Mortgage Rate Modification And Other Loan Modification Related Frequently Asked Questions

I Am Not Late On My Mortgage Payment, Will I Qualify For A Loan Modification?
Yes you may qualify for a loan modification from your mortgage lender. With the Obama Housing Recovery Plan announced March 4, 2009, lenders will get paid more by the Feds to modify high risk loans like ARM’s and Interest Only Mortgages that are not delinquent. The Obama Loan Modification Plan is designed to prevent foreclosures for all U.S. homeowners that have faced a financial hardship, are facing one now or into the future.

What Paperwork Will My Mortgage Company Need To Modify My Mortgage?
To prepare to get your loan modified you will need to gather your last month’s worth of paystubs, your tax returns for the last three years, your last 3 years of W-2’s, your last three months of bank statements and retirement account statements, social security award letters, pension plan award letters, annuity statements, your bills’ statements like credit cards – utilities – student loans – car loans etc., and a financial hardship letter explaining your situation. This might not be everything. When you ask your lender for a loan modification package, they will also tell you what they want to see when you return you package to them.

I Heard That With The New Obama Housing Plan That Lenders Have To Modify My Mortgage, Is This True?
No, lenders do not have to modify mortgages at this time. Lenders are encouraged to start doing more loan modifications with the financial incentive that the U.S. Federal Government is offering them to modify mortgages, but at this time lender participation is only voluntary. One thing to know is that if you are more than two months late on your mortgage payment your lender must look at your account to see about whether you could qualify for a loan modification program. If you are in this category it is advisable that you contact your mortgage lender immediately.

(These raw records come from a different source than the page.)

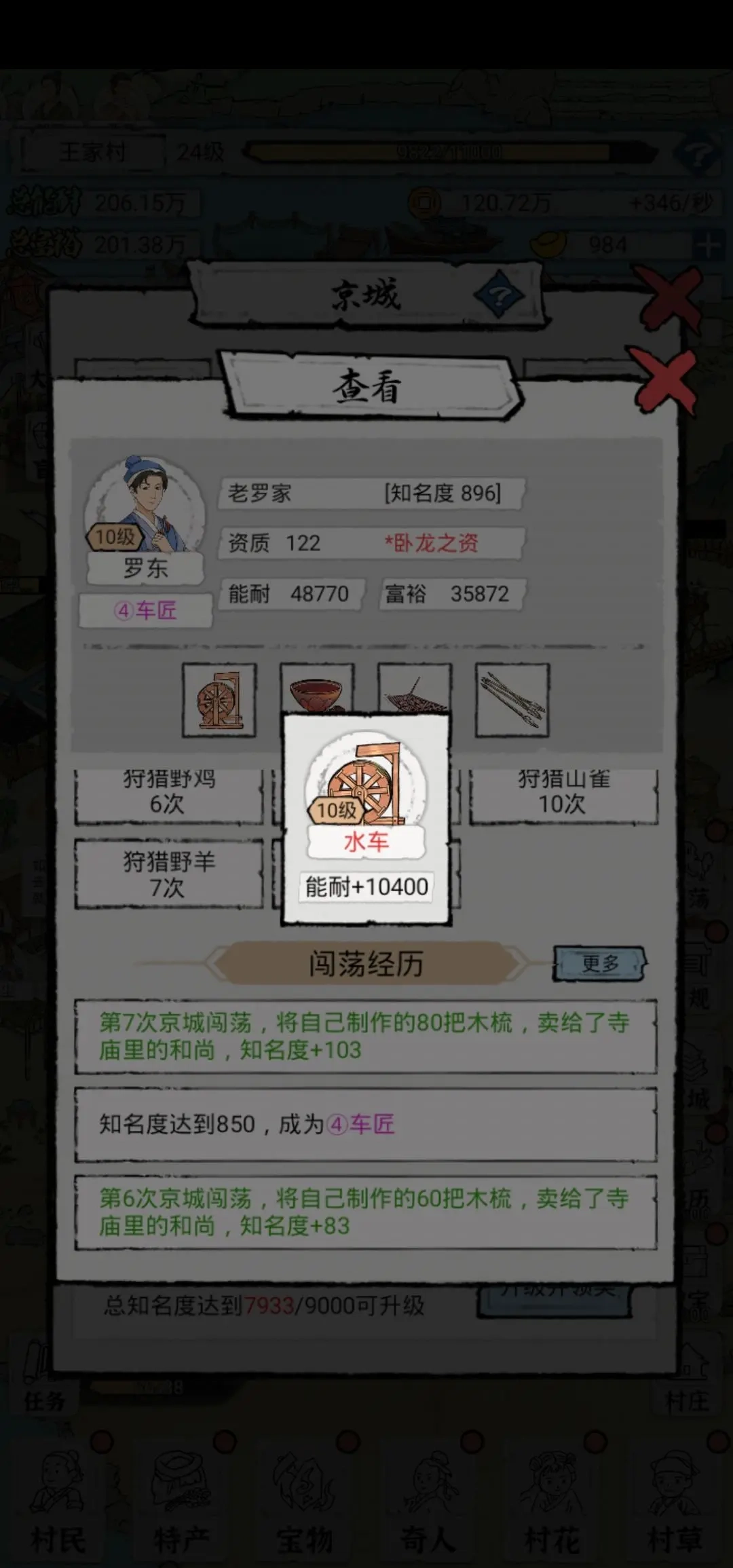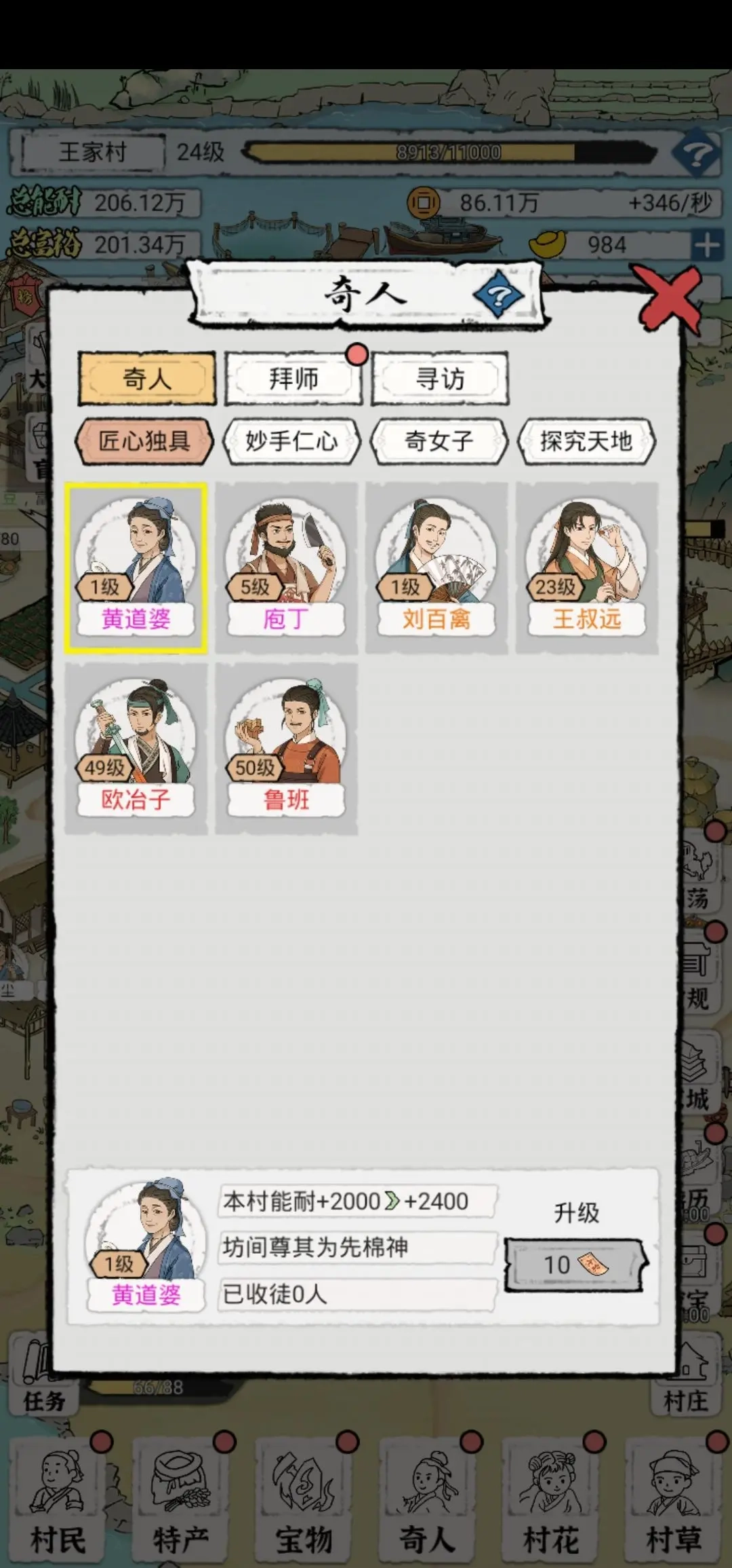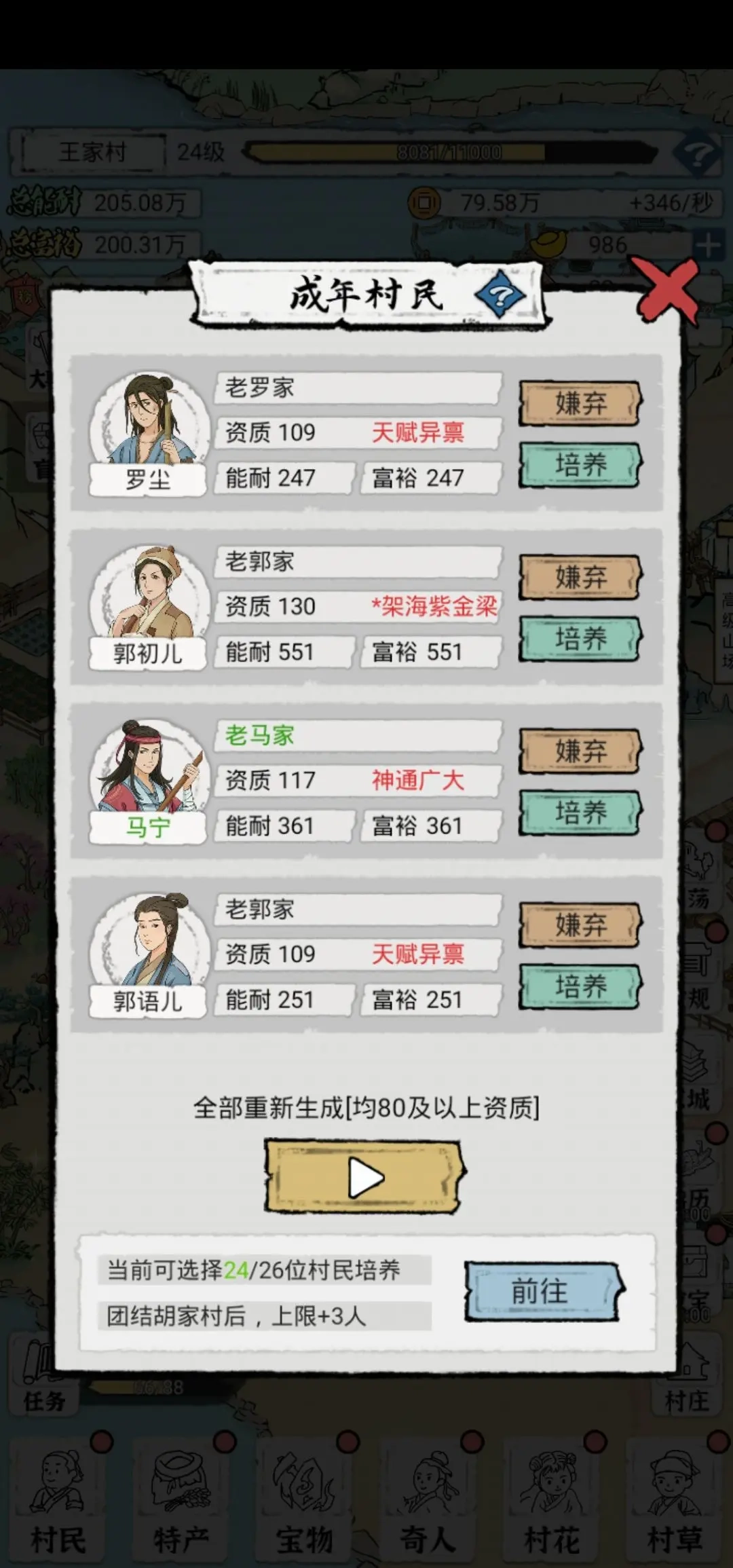 一、开局选择村民时,挑选资质最高的进行培养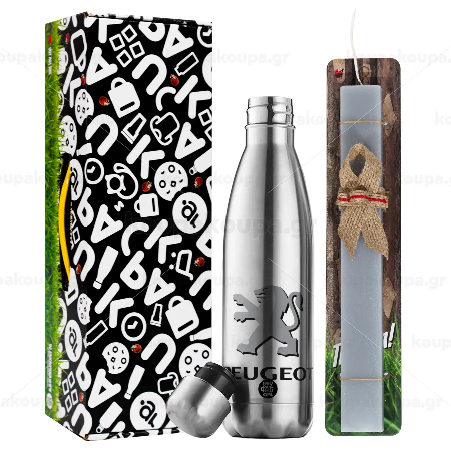 Peugeot, Easter Set, metallic stainless thermos flask (500ml) & scented flat Easter candle (30cm) (GRAY)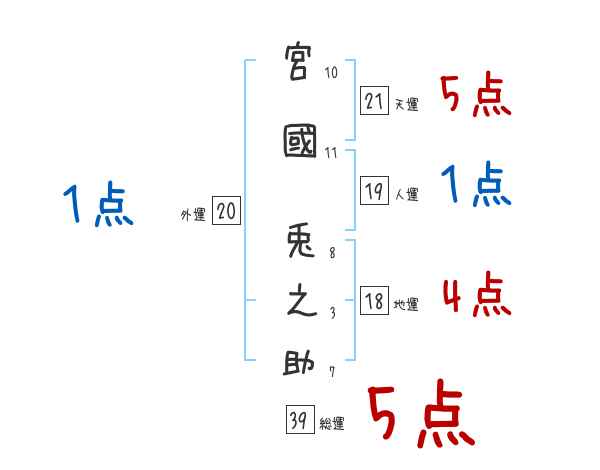 天運![]() | 宮國兎之助さんの天運は21画の5つ星!統率力がある。独立し成功する。名誉を手に入れる。 家系が持つ宿命的な運勢を表します。祖先から受け継いだ苗字ですので自分の力が及びません。家柄を象徴します。 |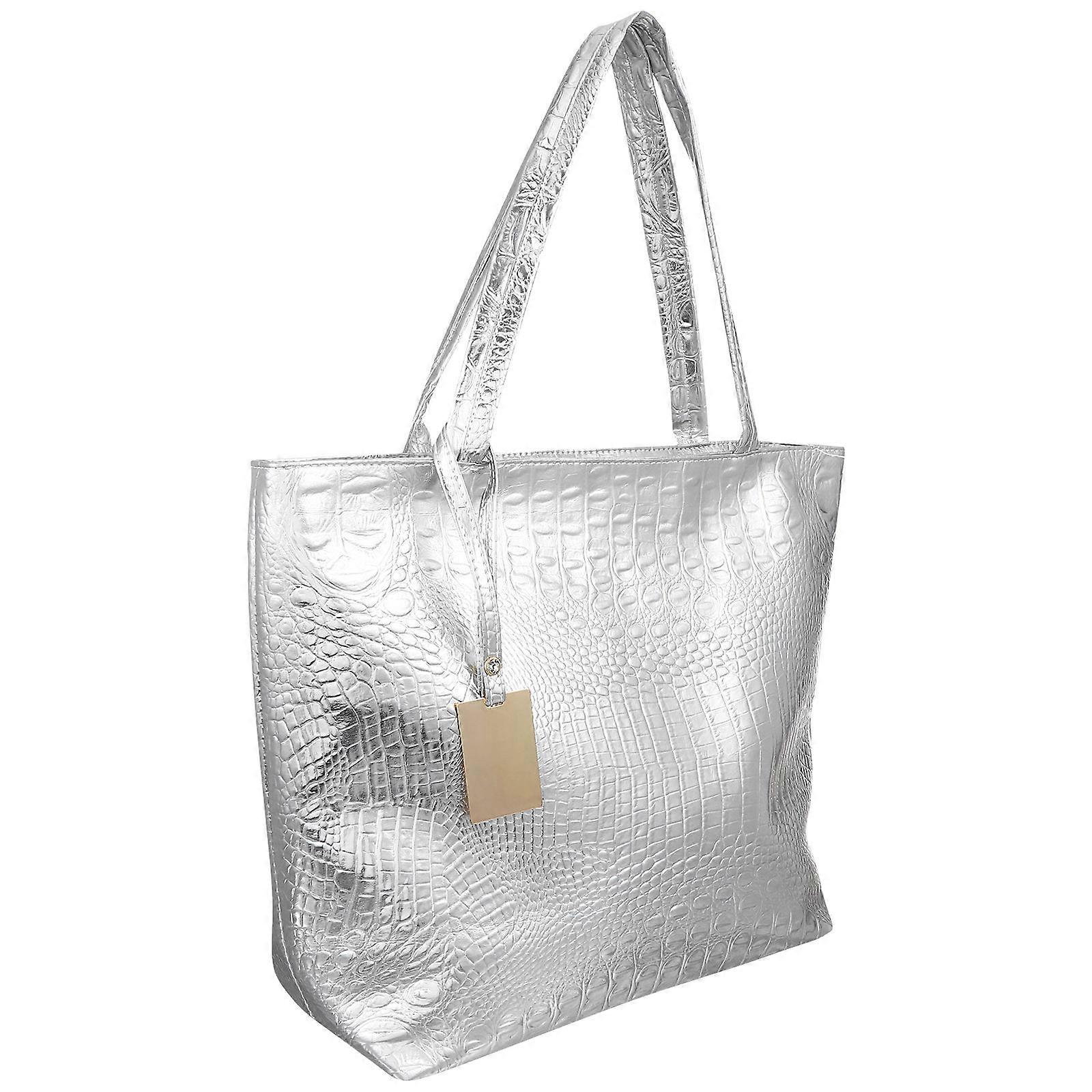 Women Handbag Tote Bag Shoulder Large Capacity 2Pcs Silver

Is A Loan Modification The Same As Refinancing My Mortgage?
No, a loan modification is a rewrite of your current mortgage where you will end up with the same account number, pay the same lender and you do not pay closing costs or lock your rate etc like you would for a new mortgage. For a refinance, you get a whole new loan and your old mortgage lender is paid off. With refinancing your home you will pay closing costs whereas in a loan modification you may some sort of admin fee.

How Does My Mortgage Lender Lower My Mortgage Payment With A Loan Modification?
Mortgage companies can lower your mortgage payment with any one or combination of the following: lowering your interest rate, reducing the amount you owe on your mortgage, or extending the time you have to pay your mortgage.

What Mortgages Can I Get Modified?
You can only get mortgages on your home that you live in modified. This includes mortgages for a multi-family residence provided you live in one of the units. Second mortgages are not available at this time for loan modification programs. However, there are a lot of second mortgage companies working with homeowners on their second mortgage to find an affordable solution for both the homeowner and the second mortgage lender.

How Can I Find Out If My Lender Is Participating In Modifying Mortgages?
The best way to find out is to call your mortgage company. Their phone number is on your monthly mortgage statement that you get from them.